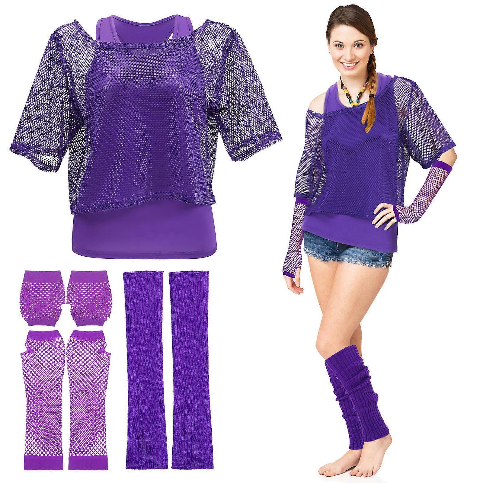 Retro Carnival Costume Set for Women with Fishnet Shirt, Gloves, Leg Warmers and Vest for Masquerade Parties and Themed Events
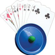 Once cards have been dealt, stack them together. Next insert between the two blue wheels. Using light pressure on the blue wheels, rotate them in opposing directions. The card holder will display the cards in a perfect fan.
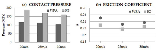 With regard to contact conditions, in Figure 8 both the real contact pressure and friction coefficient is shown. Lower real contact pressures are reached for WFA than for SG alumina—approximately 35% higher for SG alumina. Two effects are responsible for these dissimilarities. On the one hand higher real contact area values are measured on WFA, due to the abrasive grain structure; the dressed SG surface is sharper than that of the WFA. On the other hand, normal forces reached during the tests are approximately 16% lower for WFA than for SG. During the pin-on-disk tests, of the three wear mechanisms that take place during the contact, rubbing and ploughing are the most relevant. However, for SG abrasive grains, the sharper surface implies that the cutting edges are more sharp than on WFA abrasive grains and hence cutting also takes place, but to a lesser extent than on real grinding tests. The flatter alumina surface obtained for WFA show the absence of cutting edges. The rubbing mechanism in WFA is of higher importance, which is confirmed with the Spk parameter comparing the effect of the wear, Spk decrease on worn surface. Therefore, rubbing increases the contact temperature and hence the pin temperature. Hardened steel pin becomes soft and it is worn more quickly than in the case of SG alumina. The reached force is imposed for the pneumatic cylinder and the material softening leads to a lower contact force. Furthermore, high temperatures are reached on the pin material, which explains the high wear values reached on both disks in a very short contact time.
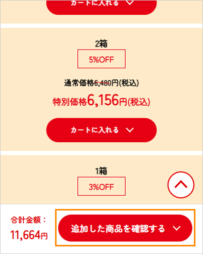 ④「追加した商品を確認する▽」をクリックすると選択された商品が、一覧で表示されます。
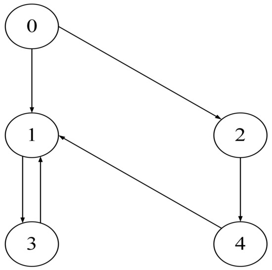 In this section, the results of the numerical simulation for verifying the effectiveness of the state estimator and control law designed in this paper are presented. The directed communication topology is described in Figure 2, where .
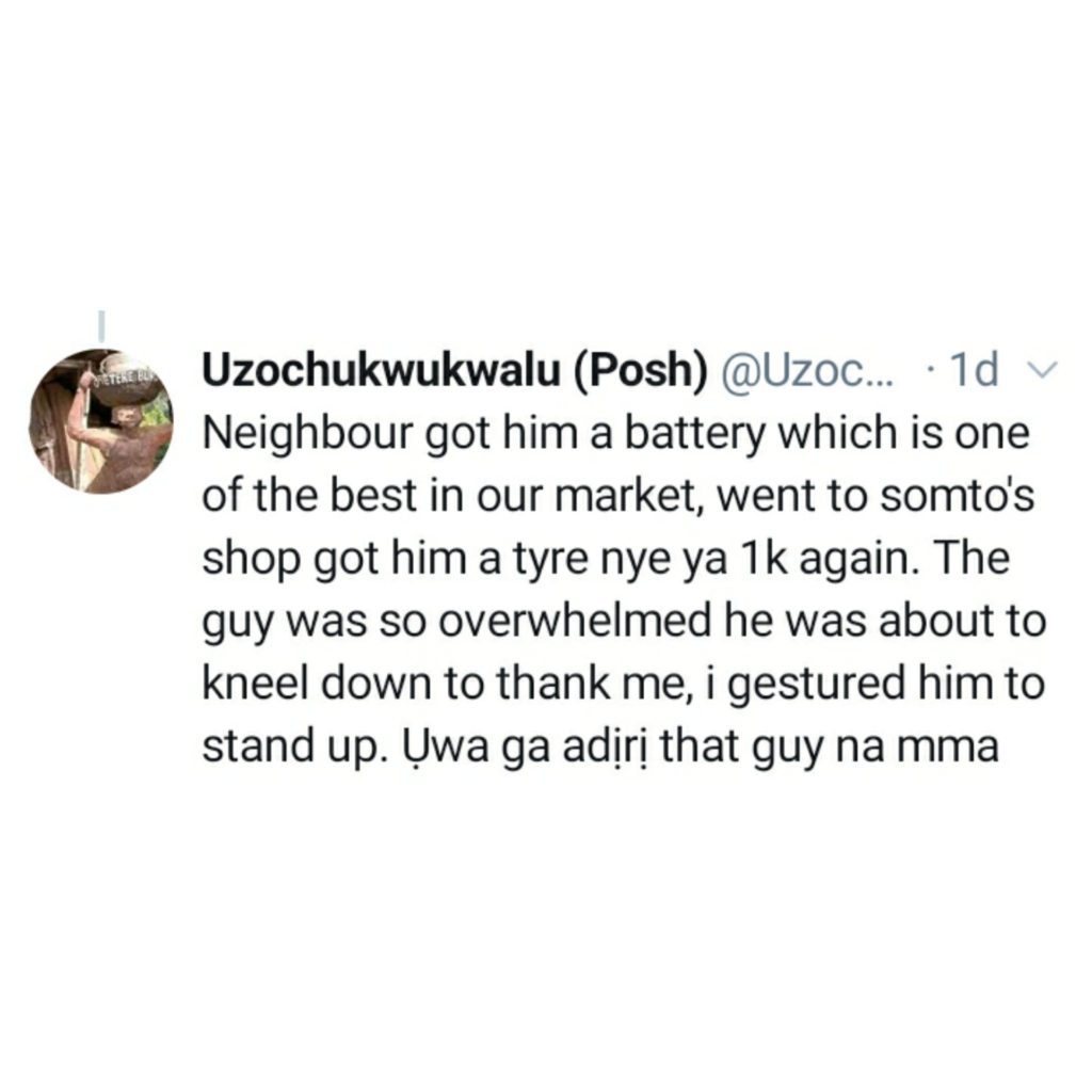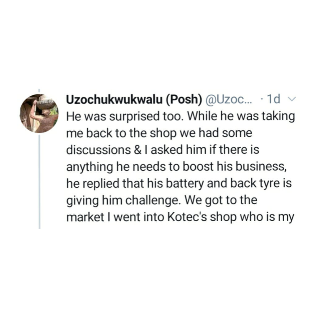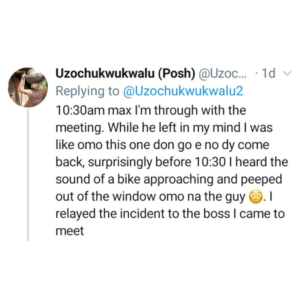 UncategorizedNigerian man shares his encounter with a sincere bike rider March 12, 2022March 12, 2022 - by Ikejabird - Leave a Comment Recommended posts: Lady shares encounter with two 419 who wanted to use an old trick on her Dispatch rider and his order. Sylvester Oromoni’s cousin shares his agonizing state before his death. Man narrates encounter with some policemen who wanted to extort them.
-------------------------
_Activity_
Your answer should hold only the lines from the one with "In this section, the" through the final line of the listing above, transcribed exactly and without pictures.

_Exercise answer_
 In this section, the results of the numerical simulation for verifying the effectiveness of the state estimator and control law designed in this paper are presented. The directed communication topology is described in Figure 2, where .
 UncategorizedNigerian man shares his encounter with a sincere bike rider March 12, 2022March 12, 2022 - by Ikejabird - Leave a Comment Recommended posts: Lady shares encounter with two 419 who wanted to use an old trick on her Dispatch rider and his order. Sylvester Oromoni’s cousin shares his agonizing state before his death. Man narrates encounter with some policemen who wanted to extort them.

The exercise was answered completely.